Instructions for the task |
Return the data below exactly as given, except for the images.

Data excerpt |
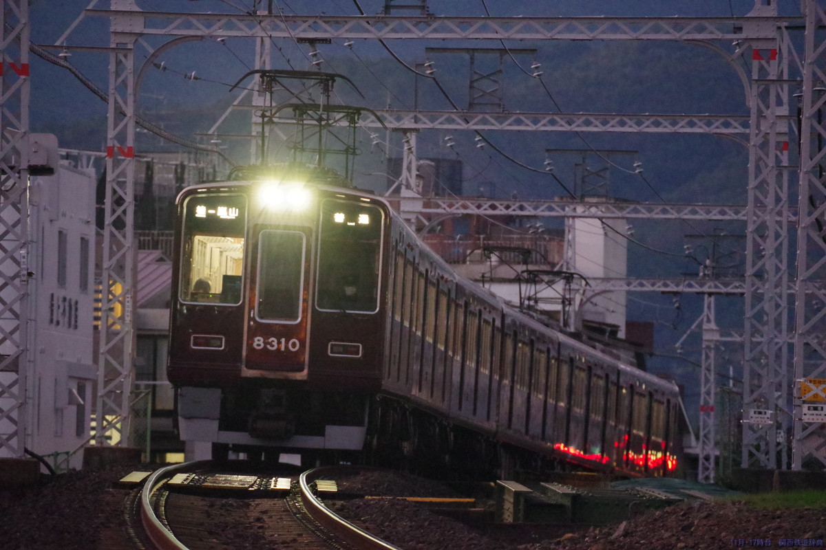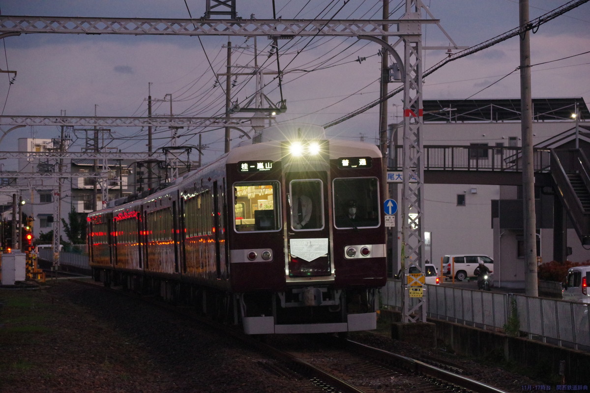 梅田 – 中津 – 十三 -(駅間1 駅間2 駅間3 駅間4)- 神崎川 -(駅間1 駅間2)- 園田 -(駅間)- 塚口 -(駅間)- 武庫之荘-(駅間)- 西宮北口
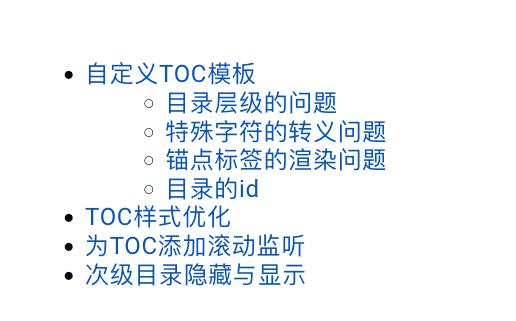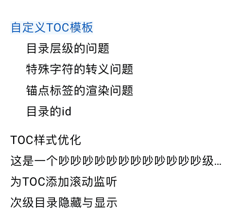 如果想要让目录更加灵活,可以自定义TOC,并且实现滚动监听。
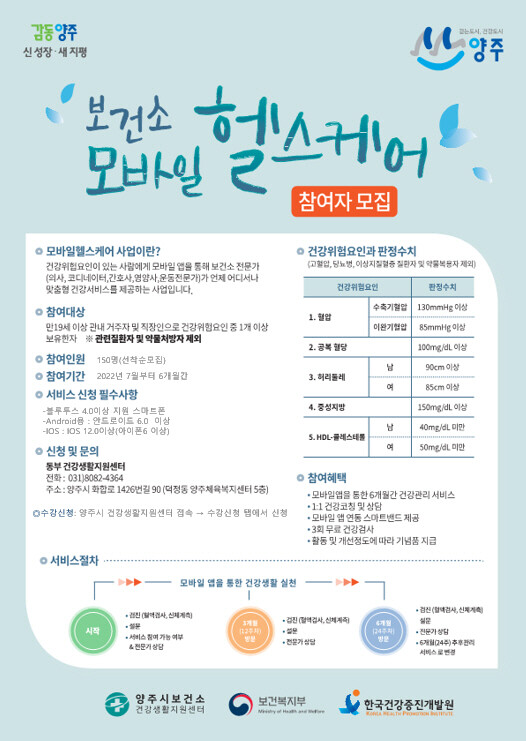 보건소 관계자는 “비대면 건강관리서비스인 모바일 헬스케어 사업을 통해 양주시민의 만성질환을 예방하고 자가 건강관리 능력을 향상 시킬 수 있는 계기가 될 수 있기를 기대한다”며 지속적인 참여와 건강관리를 당부했다.

Reply |
 梅田 – 中津 – 十三 -(駅間1 駅間2 駅間3 駅間4)- 神崎川 -(駅間1 駅間2)- 園田 -(駅間)- 塚口 -(駅間)- 武庫之荘-(駅間)- 西宮北口
 如果想要让目录更加灵活,可以自定义TOC,并且实现滚动监听。
 보건소 관계자는 “비대면 건강관리서비스인 모바일 헬스케어 사업을 통해 양주시민의 만성질환을 예방하고 자가 건강관리 능력을 향상 시킬 수 있는 계기가 될 수 있기를 기대한다”며 지속적인 참여와 건강관리를 당부했다.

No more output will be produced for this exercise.